WQAC
- Alma, Michigan; United States;
- Broadcast area: Alma, Michigan
- Frequency: 90.9 MHz
- Branding: "The Duck"

Programming
- Format: Defunct (formerly Modern Rock/Variety; College student station)

Ownership
- Owner: Alma College

History
- First air date: March 27, 1993
- Last air date: February 12, 2018 (date of license surrender)
- Call sign meaning: Alma College and Quack (referencing station branding)

Technical information
- Licensing authority: FCC
- Class: A
- ERP: 100 watts
- Transmitter coordinates: 43°22′46″N 84°40′25″W﻿ / ﻿43.3795°N 84.6736°W

Links
- Public license information: Public file; LMS;

= WQAC =

WQAC (90.9 FM; "The Duck") was a campus radio station located in Alma, Michigan and operated by Alma College. The station primarily played the music of up-and-coming modern rock bands. WQAC also had a large collection of evening student specialty shows.

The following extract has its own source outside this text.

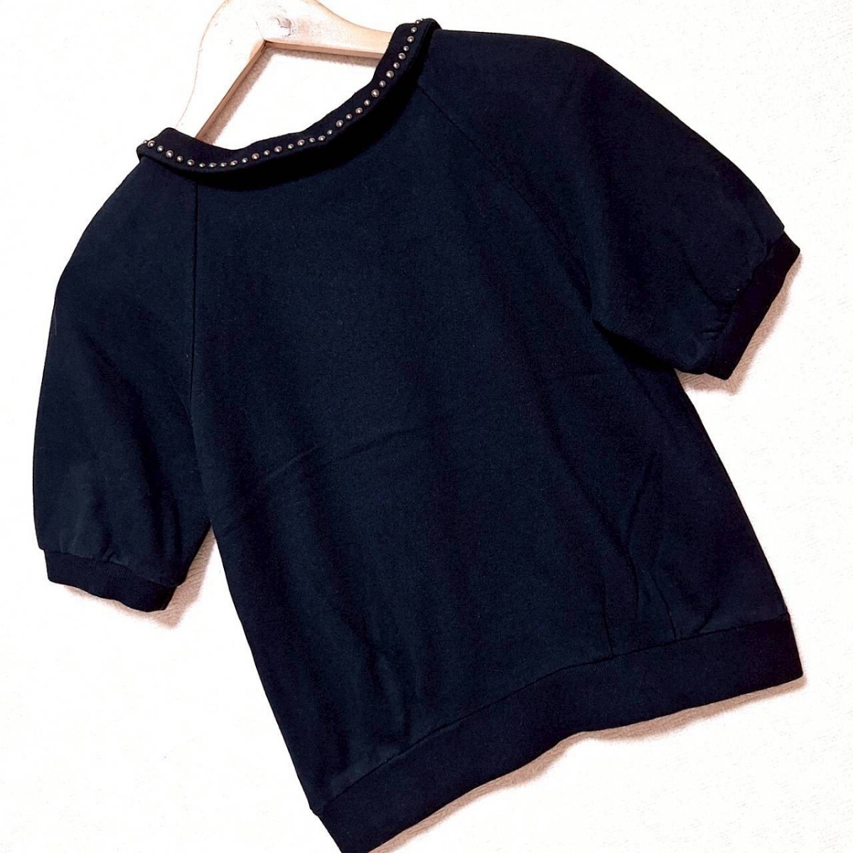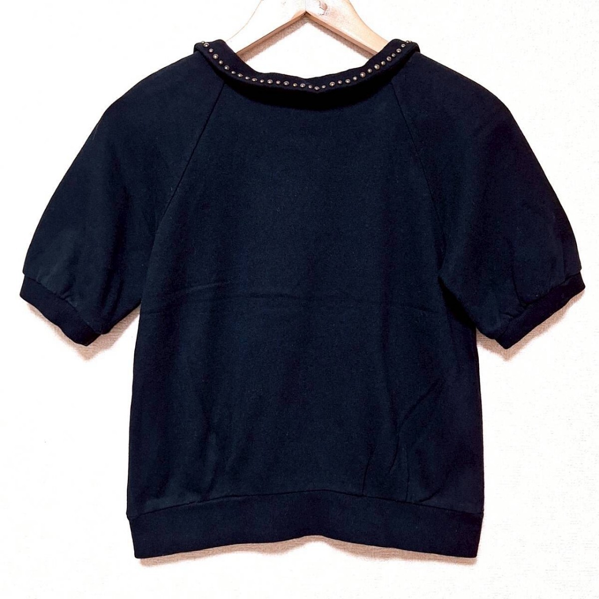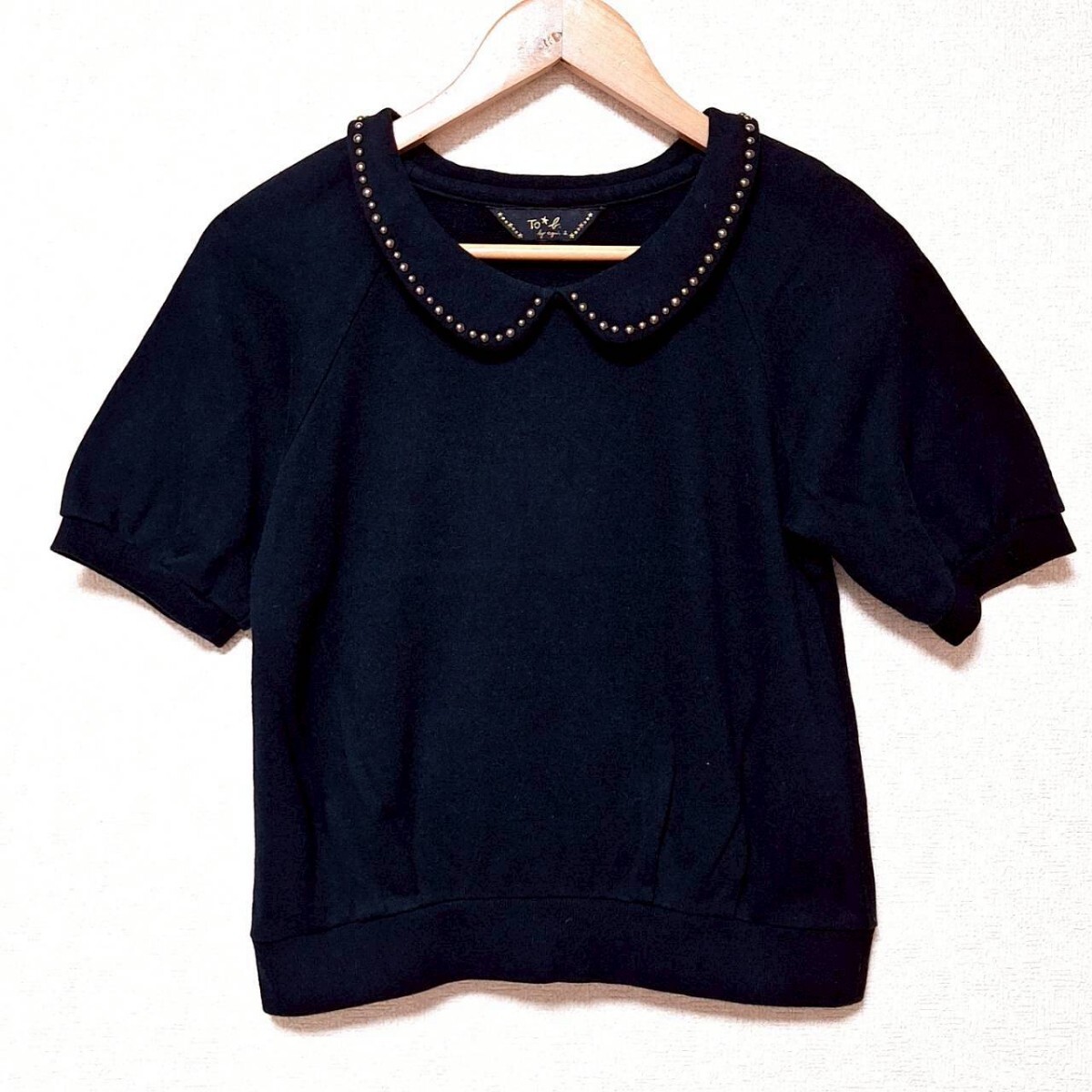 W683【TO b.by agnes b】トゥービー バイアニエス ベー パール付き半袖シャツ トップス 日本製 きれいめ ブラック レディース TU(S相当)/ee

Over its history, these shows covered everything from world music to classic rock to talk shows.

The station signed on March 27, 1993. In 2016, Alma College announced that WQAC would go silent; it would be replaced by "Pirate Media", a digital media service that incorporates photography and video in addition to radio programming. The WQAC license was surrendered on February 12, 2018, and cancelled by the Federal Communications Commission on February 22, 2018.